BEGIN Exercise data

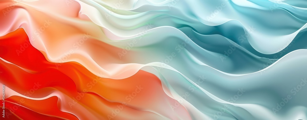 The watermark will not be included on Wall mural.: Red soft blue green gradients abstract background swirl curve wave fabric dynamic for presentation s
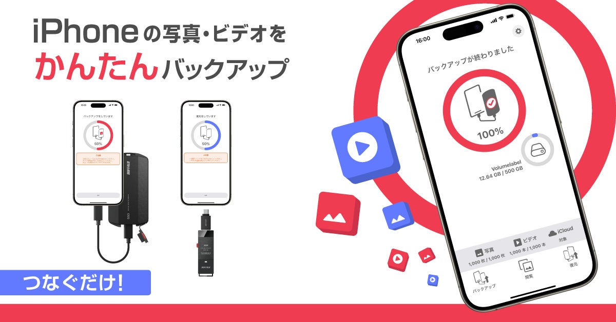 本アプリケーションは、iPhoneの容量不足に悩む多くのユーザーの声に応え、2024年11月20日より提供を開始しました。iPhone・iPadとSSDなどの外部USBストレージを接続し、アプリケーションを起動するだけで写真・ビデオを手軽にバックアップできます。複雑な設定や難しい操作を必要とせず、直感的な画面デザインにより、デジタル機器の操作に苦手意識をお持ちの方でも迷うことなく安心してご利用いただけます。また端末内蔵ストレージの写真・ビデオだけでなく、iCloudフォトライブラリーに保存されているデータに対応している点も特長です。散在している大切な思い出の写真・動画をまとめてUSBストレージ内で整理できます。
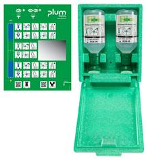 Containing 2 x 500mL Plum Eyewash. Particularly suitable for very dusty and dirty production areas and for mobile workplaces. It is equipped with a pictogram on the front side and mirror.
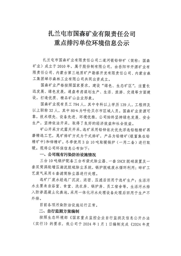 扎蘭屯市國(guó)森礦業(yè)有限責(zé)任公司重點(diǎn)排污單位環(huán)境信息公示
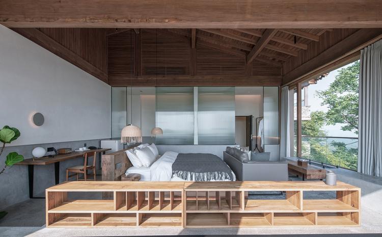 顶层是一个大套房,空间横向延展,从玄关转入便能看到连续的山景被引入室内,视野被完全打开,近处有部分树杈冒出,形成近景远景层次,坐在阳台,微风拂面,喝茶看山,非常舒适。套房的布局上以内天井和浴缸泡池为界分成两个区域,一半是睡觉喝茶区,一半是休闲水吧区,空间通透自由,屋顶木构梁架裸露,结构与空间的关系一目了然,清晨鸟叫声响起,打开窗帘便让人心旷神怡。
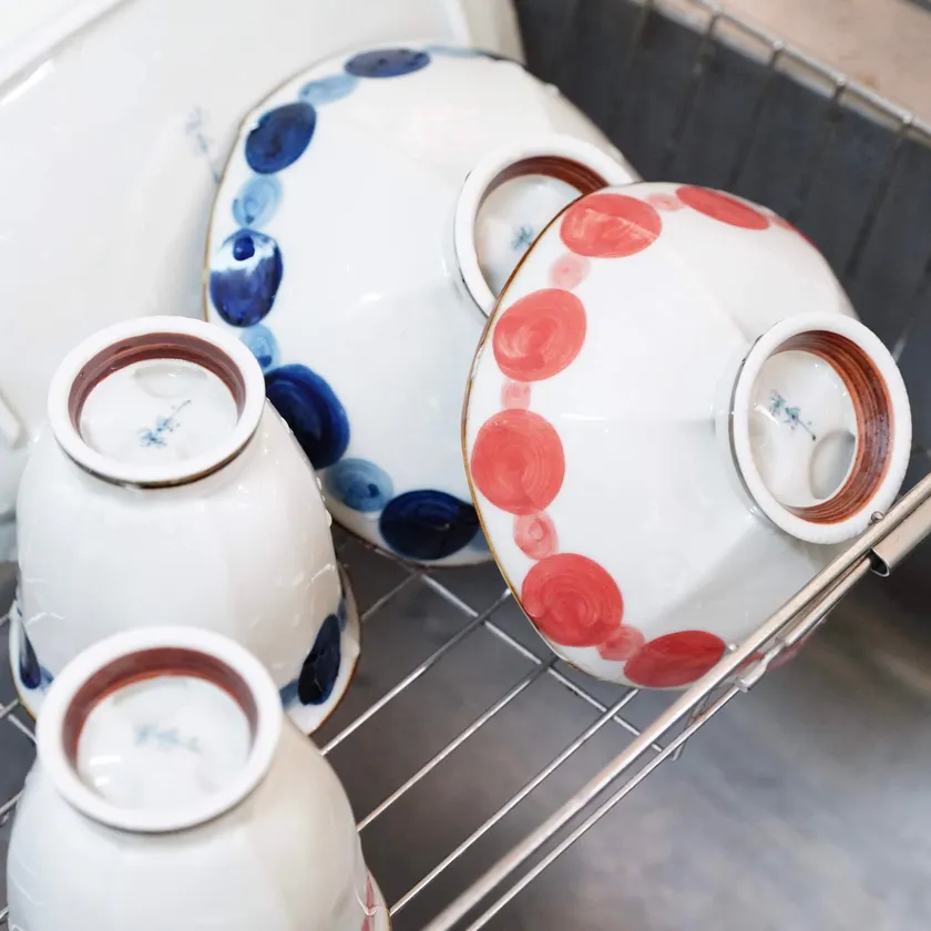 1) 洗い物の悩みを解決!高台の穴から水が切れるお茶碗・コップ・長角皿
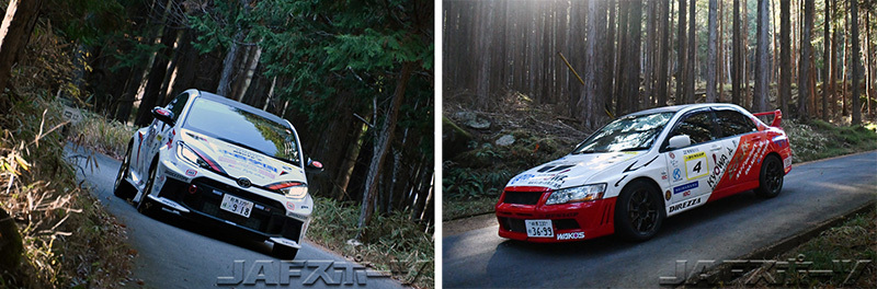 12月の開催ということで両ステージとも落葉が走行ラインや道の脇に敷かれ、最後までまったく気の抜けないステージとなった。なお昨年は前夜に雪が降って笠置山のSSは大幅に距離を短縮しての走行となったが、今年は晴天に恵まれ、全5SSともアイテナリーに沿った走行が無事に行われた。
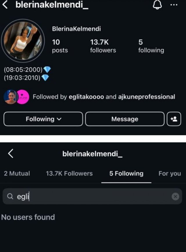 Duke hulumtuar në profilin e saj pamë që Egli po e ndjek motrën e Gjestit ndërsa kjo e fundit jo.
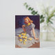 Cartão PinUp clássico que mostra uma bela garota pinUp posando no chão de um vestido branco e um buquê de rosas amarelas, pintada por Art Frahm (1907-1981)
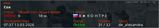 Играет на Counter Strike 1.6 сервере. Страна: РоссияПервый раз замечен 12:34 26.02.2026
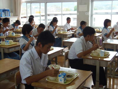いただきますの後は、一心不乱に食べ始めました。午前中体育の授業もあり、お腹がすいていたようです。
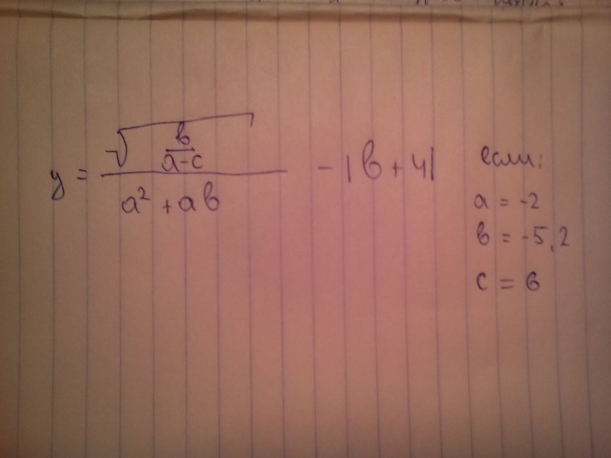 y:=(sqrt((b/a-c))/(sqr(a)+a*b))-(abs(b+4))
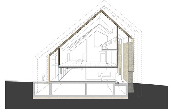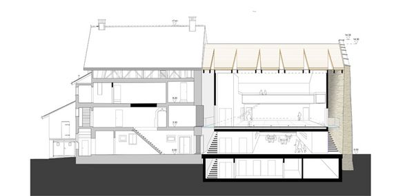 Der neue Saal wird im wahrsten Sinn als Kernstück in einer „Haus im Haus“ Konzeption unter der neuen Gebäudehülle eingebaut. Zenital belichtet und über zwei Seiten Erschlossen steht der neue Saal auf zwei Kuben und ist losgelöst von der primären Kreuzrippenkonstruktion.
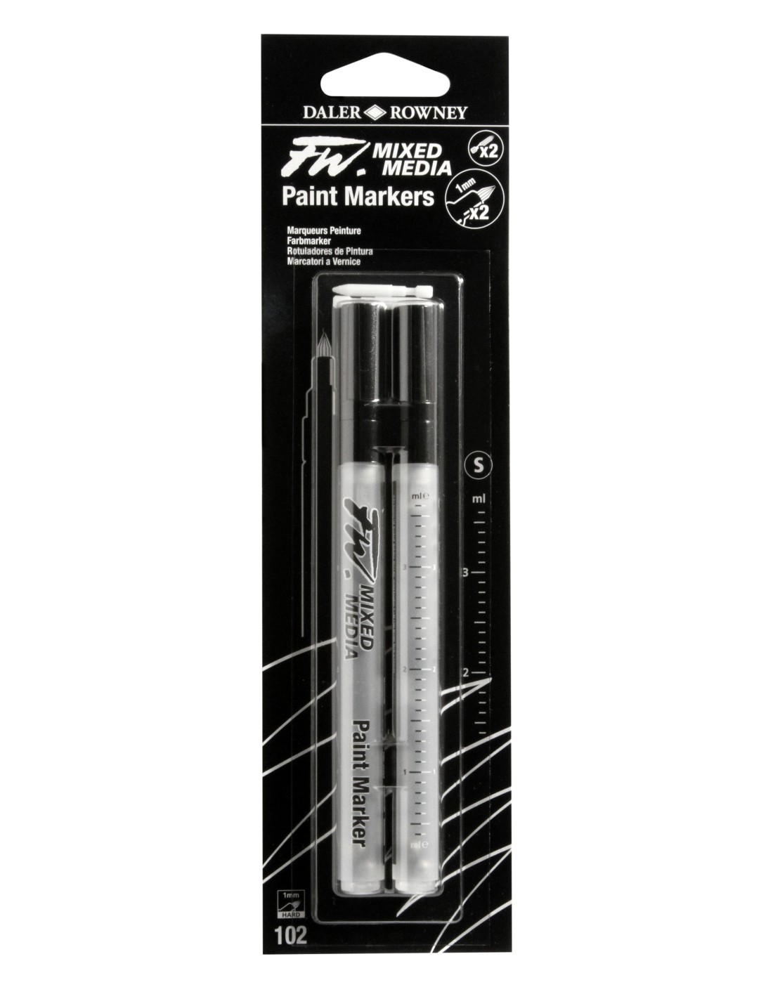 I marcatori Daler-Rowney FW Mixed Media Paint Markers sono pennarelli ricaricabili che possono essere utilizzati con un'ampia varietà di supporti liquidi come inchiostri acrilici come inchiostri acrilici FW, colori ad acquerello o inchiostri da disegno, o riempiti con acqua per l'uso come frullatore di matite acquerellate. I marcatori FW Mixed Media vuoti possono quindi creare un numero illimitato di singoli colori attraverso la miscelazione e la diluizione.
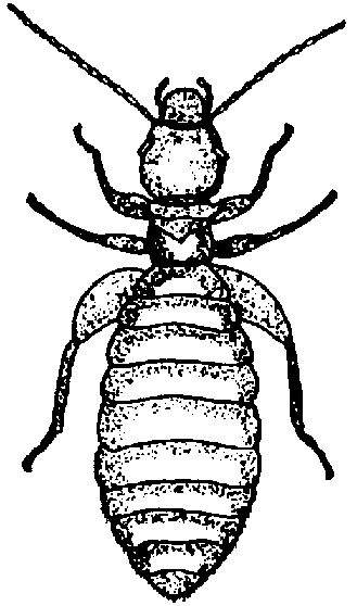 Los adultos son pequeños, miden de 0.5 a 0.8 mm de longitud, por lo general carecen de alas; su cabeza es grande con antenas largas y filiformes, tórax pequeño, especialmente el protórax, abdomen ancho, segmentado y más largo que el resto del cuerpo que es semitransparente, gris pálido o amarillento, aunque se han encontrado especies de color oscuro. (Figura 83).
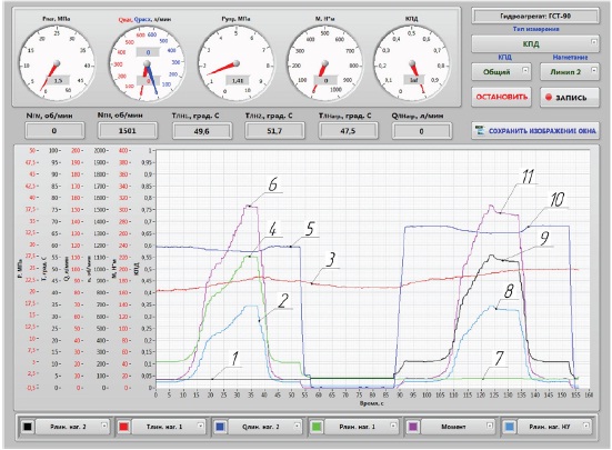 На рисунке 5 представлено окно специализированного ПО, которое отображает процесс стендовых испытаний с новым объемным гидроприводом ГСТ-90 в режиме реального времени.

END Exercise data

→ Problem requirements
Transcribe, word for word, only the material from its opening line through the line containing "本アプリケーションは、iPh", both ends included, and omit the pictures.

→ Response to the task
 The watermark will not be included on Wall mural.: Red soft blue green gradients abstract background swirl curve wave fabric dynamic for presentation s
 本アプリケーションは、iPhoneの容量不足に悩む多くのユーザーの声に応え、2024年11月20日より提供を開始しました。iPhone・iPadとSSDなどの外部USBストレージを接続し、アプリケーションを起動するだけで写真・ビデオを手軽にバックアップできます。複雑な設定や難しい操作を必要とせず、直感的な画面デザインにより、デジタル機器の操作に苦手意識をお持ちの方でも迷うことなく安心してご利用いただけます。また端末内蔵ストレージの写真・ビデオだけでなく、iCloudフォトライブラリーに保存されているデータに対応している点も特長です。散在している大切な思い出の写真・動画をまとめてUSBストレージ内で整理できます。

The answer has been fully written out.